Noida International Airport was originally proposed in 2001 as the greenfield Taj International Aviation Hub by then Uttar Pradesh Chief Minister Rajnath Singh. The project subsequently saw repeated delays, changes in location and political reversals. Initially planned near Greater Noida, it was held up partly because of its proximity to Delhi's IGI Airport and the right of first refusal attached to Delhi airport's concession. The project was briefly considered for Agra under the Samajwadi Party-led government, but was eventually revived and moved back to Jewar in 2014.

===Summary of phases===
The Yamuna Expressway Industrial Development Authority's (YEIDA) currently published table describes the airport's long-term build-out as:
- Phase I: 12 MPPA (million passengers per annum), ₹4,588 crore cost, FY23-FY27 operation period.
- Phase II: 30 MPPA, ₹5,983 crore cost, FY31-FY32 operation period.
- Phase III: 50 MPPA, ₹8,415 crore cost, FY36-FY37 operation period.
- Phase IV: 70 MPPA, ₹10,575 crore cost, FY40-FY50 operation period.
- Total: ₹29,561 crore.

===Phase 1===
The Union Government approved the airport project in June 2017 and the Ministry of Civil Aviation gave in-principle approval to the Uttar Pradesh government to build the airport in May 2018.
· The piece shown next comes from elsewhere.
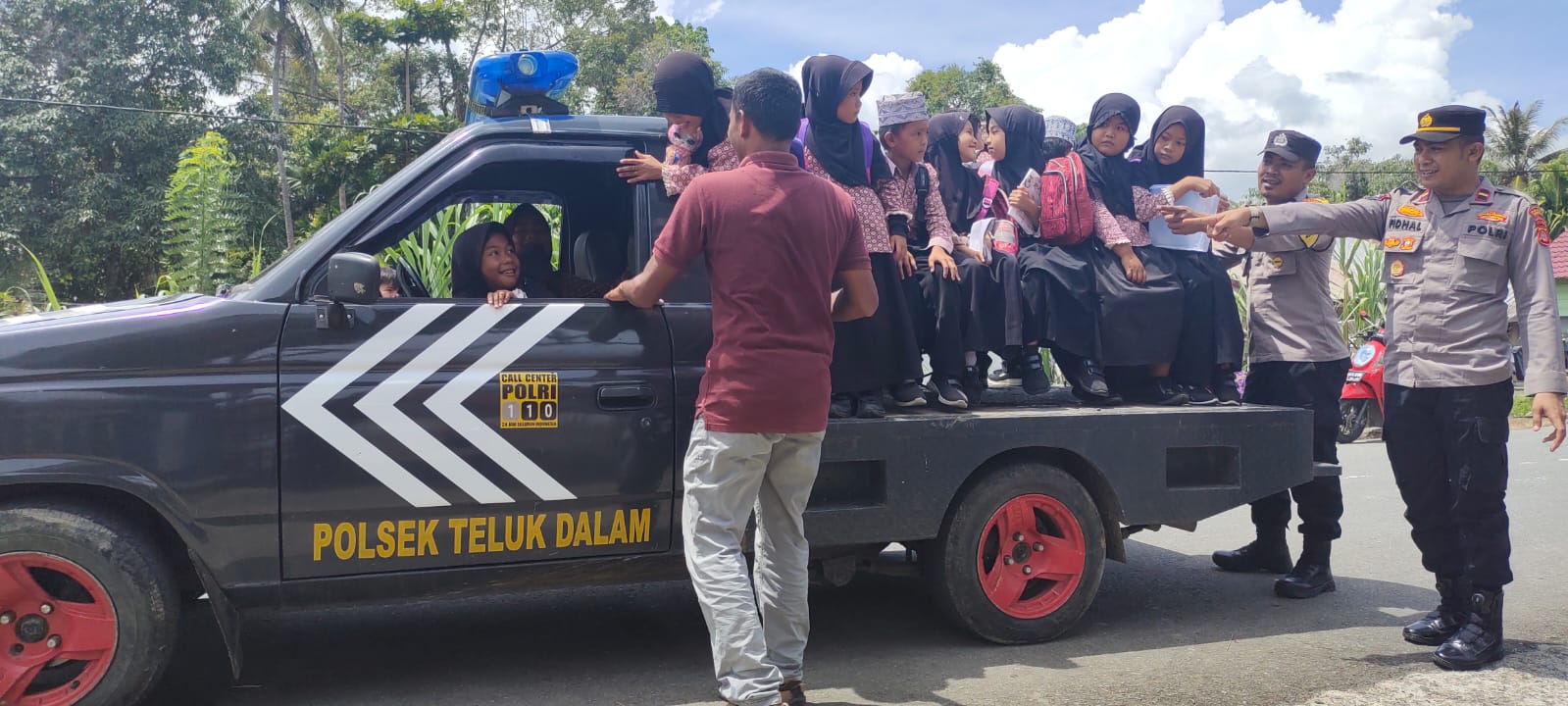 SIMEULUE, Suara Jalata – Polsek Teluk Dalam Polres Simeulue melakukan terobosan kreatif dengan mengantar anak-anak Sekolah Dasar (SD) pulang ke rumah menggunakan mobil dinas patroli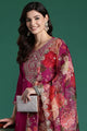 Burgundy embroidered Kurta with Trousers with dupatta

The airport is being developed under a public–private partnership model. Zurich Airport International, a subsidiary of Flughafen Zürich AG, won the bid to develop and operate the airport in November 2019, and the concession agreement was signed on 7 October 2020 for a 40 year period. It is being implemented on a DBFOT (design, build, finance, operate and transfer) basis, with the concession running from 2021 to 2061.

The foundation stone of the airport was laid on 25 November 2021. In June 2022, Tata Projects was awarded the civil construction contract for the first phase.

In September 2023, the International Air Transport Association assigned the airport the IATA code DXN. In November 2023, the airport signed a memorandum of understanding with IndiGo to become its launch carrier, and in January 2024 it entered a strategic collaboration with Akasa Air.

In October 2024, the airport completed calibration of its instrument landing system and precision approach path indicator, and in December 2024 an IndiGo validation flight tested its approach procedures, navigational aids and air traffic control systems.

Originally slated for opening in 2022, delays repeatedly pushed back the start of commercial operations. On 6 March 2026, the airport received its aerodrome licence by the Directorate General of Civil Aviation. Phase I was inaugurated on 28 March 2026. Scheduled commercial flights were initially expected to begin in mid-April to May 2026, following the inauguration. The airport commenced flight operations on 15 June 2026, with an IndiGo flight landing from Lucknow.

===Later phases===
Noida International Airport is described as a four-phase project with an initial capacity of 12 million passengers annually in Phase I with scalability to 70 million passengers annually with its full development. The YEIDA's project page however describes a broader long-term concept, including a six-runway end state.

Phase I covers the initial single-runway layout while Phase II builds on this with expanded terminal, apron, cargo and support facilities. Phase III will introduce a second 4,150 m runway, Terminal 2 and a Ground Transportation Centre. Phase IV is projected to handle 489,700 aircraft movements a year with 186 apron stands.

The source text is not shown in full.